▶ **Problem to solve**:
Would you retype the listing below word for word, without any of its pictures?

▶ **Information shown**:
══════
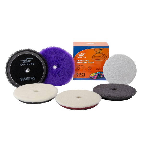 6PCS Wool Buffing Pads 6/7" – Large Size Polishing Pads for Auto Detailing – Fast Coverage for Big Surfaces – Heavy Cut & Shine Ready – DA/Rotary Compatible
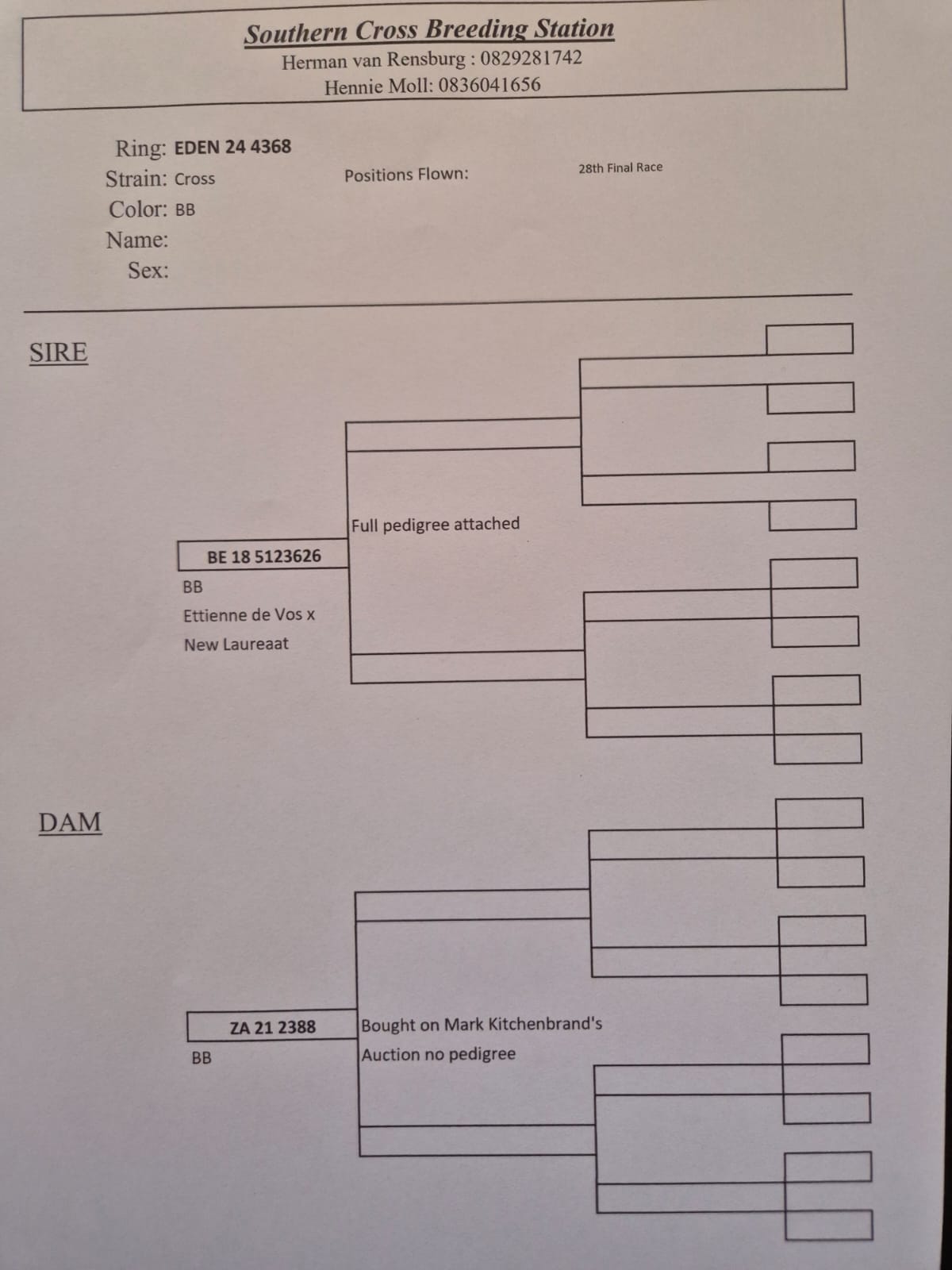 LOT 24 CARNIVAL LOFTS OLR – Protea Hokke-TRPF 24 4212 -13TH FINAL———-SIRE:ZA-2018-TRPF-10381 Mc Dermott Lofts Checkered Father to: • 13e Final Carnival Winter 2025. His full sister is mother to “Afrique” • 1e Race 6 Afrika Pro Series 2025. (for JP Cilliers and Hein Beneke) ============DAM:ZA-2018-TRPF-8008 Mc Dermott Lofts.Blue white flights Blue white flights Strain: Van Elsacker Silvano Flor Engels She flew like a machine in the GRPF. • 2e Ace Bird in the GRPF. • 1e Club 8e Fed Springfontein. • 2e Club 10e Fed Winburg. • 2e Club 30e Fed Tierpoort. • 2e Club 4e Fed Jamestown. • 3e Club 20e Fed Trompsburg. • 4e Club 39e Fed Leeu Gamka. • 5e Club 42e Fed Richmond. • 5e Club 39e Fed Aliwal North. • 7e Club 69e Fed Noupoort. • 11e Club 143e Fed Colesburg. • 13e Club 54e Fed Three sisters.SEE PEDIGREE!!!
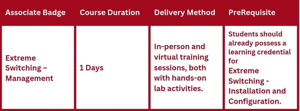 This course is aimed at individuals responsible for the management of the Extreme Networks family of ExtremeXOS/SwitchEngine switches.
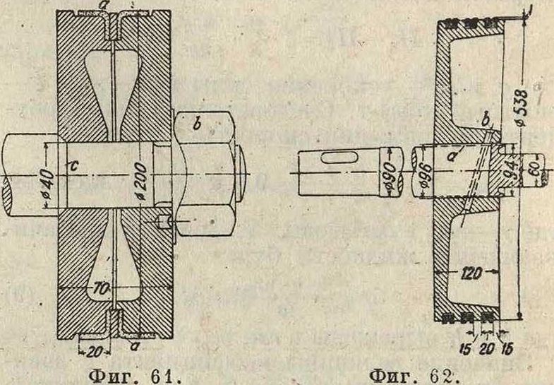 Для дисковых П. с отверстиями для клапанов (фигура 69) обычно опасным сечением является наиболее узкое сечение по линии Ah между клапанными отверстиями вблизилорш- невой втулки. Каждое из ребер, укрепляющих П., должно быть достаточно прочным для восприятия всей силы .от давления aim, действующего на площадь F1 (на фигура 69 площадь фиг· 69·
══════
▶ **Output for this task**:
 6PCS Wool Buffing Pads 6/7" – Large Size Polishing Pads for Auto Detailing – Fast Coverage for Big Surfaces – Heavy Cut & Shine Ready – DA/Rotary Compatible
 LOT 24 CARNIVAL LOFTS OLR – Protea Hokke-TRPF 24 4212 -13TH FINAL———-SIRE:ZA-2018-TRPF-10381 Mc Dermott Lofts Checkered Father to: • 13e Final Carnival Winter 2025. His full sister is mother to “Afrique” • 1e Race 6 Afrika Pro Series 2025. (for JP Cilliers and Hein Beneke) ============DAM:ZA-2018-TRPF-8008 Mc Dermott Lofts.Blue white flights Blue white flights Strain: Van Elsacker Silvano Flor Engels She flew like a machine in the GRPF. • 2e Ace Bird in the GRPF. • 1e Club 8e Fed Springfontein. • 2e Club 10e Fed Winburg. • 2e Club 30e Fed Tierpoort. • 2e Club 4e Fed Jamestown. • 3e Club 20e Fed Trompsburg. • 4e Club 39e Fed Leeu Gamka. • 5e Club 42e Fed Richmond. • 5e Club 39e Fed Aliwal North. • 7e Club 69e Fed Noupoort. • 11e Club 143e Fed Colesburg. • 13e Club 54e Fed Three sisters.SEE PEDIGREE!!!
 This course is aimed at individuals responsible for the management of the Extreme Networks family of ExtremeXOS/SwitchEngine switches.
 Для дисковых П. с отверстиями для клапанов (фигура 69) обычно опасным сечением является наиболее узкое сечение по линии Ah между клапанными отверстиями вблизилорш- невой втулки. Каждое из ребер, укрепляющих П., должно быть достаточно прочным для восприятия всей силы .от давления aim, действующего на площадь F1 (на фигура 69 площадь фиг· 69·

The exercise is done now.